Pildes follows a provocative essay by Richard Fallon (Harvard) two years ago critiquing the standards for law professors co-signing or authoring amicus briefs (here are both a draft and final version). Fallon’s essay generated both NY Times coverage as well as equally incisive replies (e.g., Amanda Frost’s (American) essay).
The Fallon debate yielded a particularly useful harvest. It prompted many academics to articulate their standards for writing or co-signing amicus briefs. The academy needs a similar debate to offer guidance to professors (particularly, but not exclusively, junior professors) on other aspects of policy engagement. What should professors consider in testifying before Congress or an agency? When to take on consulting or litigation work?
The questions Pildes raises assume a greater urgency because of institutional pressures he does not address in the essay. Budgetary pressures will undoubtedly pressure law schools and professors to seek more soft money grants and big hard money donations to fund programs and professorships. To what extent will this put pressure on the valuable role of academic dissent that Pildes rightly cherishes? This institutuional economic pressure may present more of a challenge to dissent than revived questions about academic tenure.
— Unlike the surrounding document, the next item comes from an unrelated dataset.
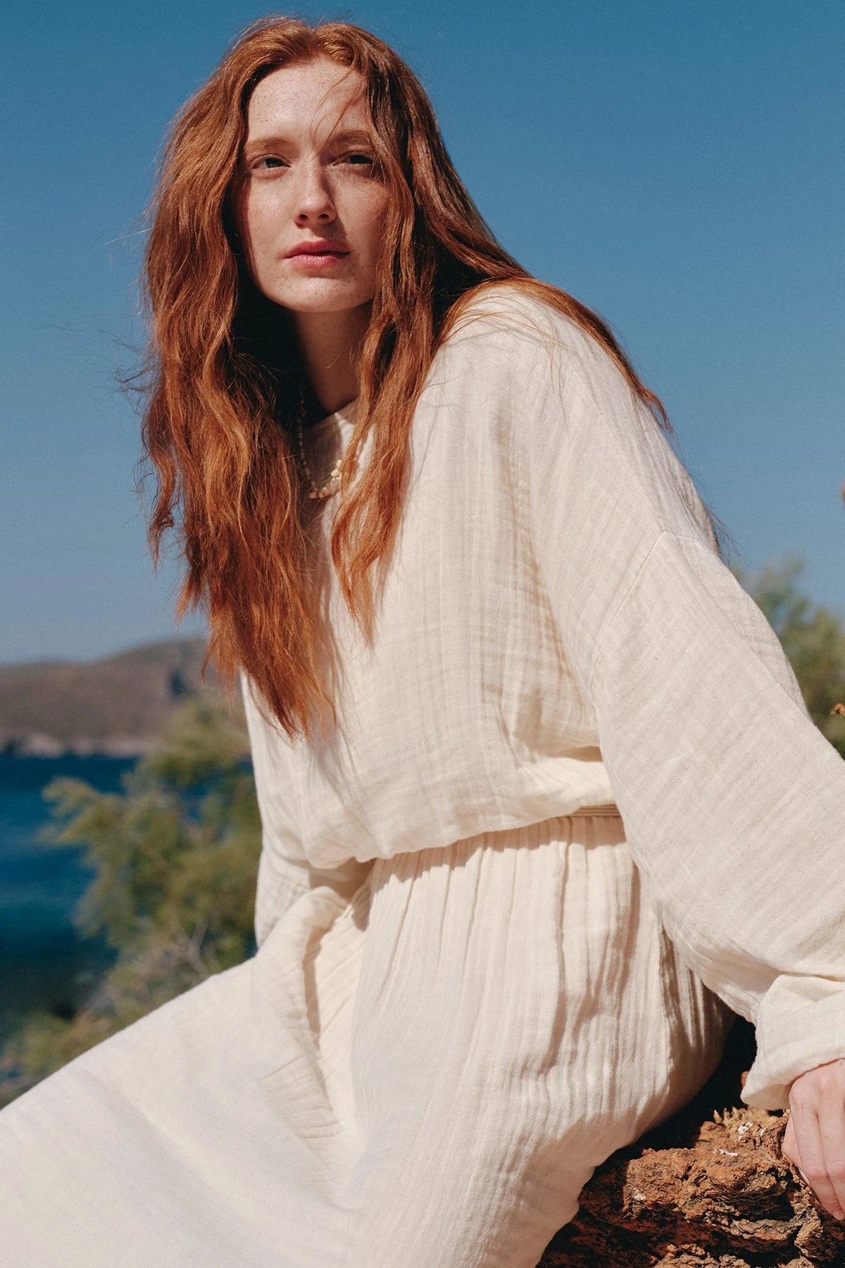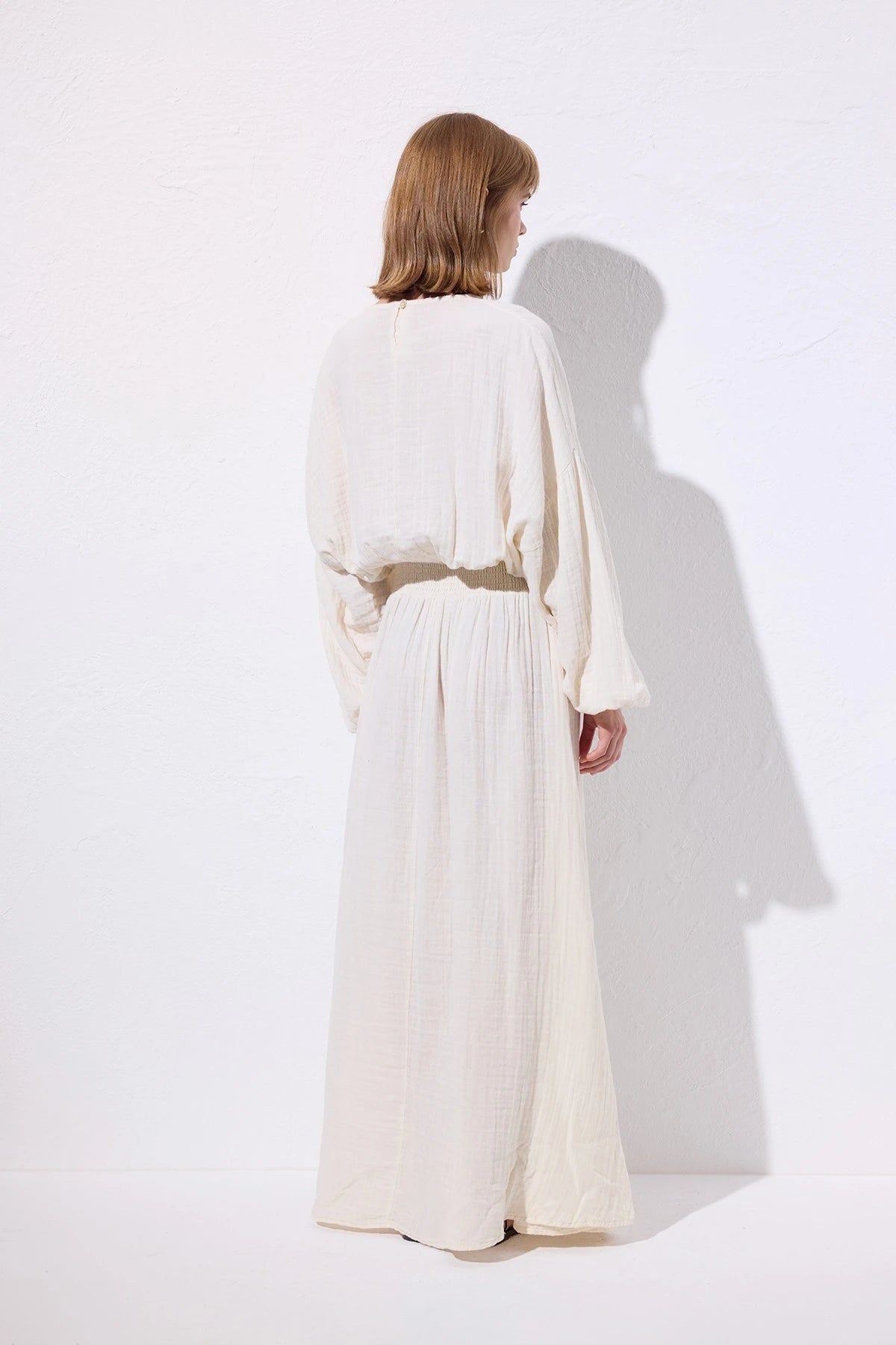 Effortless elegance meets everyday comfort. Crafted from 100% breathable cotton, this muslin dress features a flattering gathered waist, a softly draped bodice, and a timeless full-length silhouette — perfect for both casual days and elevated occasions.

It is, however, by no means a new challenge. Bruce Ackerman, for example, holds the Sterling Professorship at Yale, which was funded by John William Sterling, founder of Shearman & Sterling and counsel to Standard Oil, Henry Ford, and Jay Gould. But institutional pressures on law schools and professors merit re-examining again and again with fresh eyes.
Here is the abstract for Pildes' chapter (after the jump):
This essay is meant to prompt professional self-reflection
for academics, particularly legal academics, on the appropriate relationship
between the pursuit of knowledge and the pursuit of power.
Academic institutions, in theory, should be among the most robust sites in which dissent against conventional or widely-shared views of policy and law ought to find easy expression. That has long been part of the justification for the general principle of institutional academic freedom, as well as for specific organizational features of the academy, such as tenure.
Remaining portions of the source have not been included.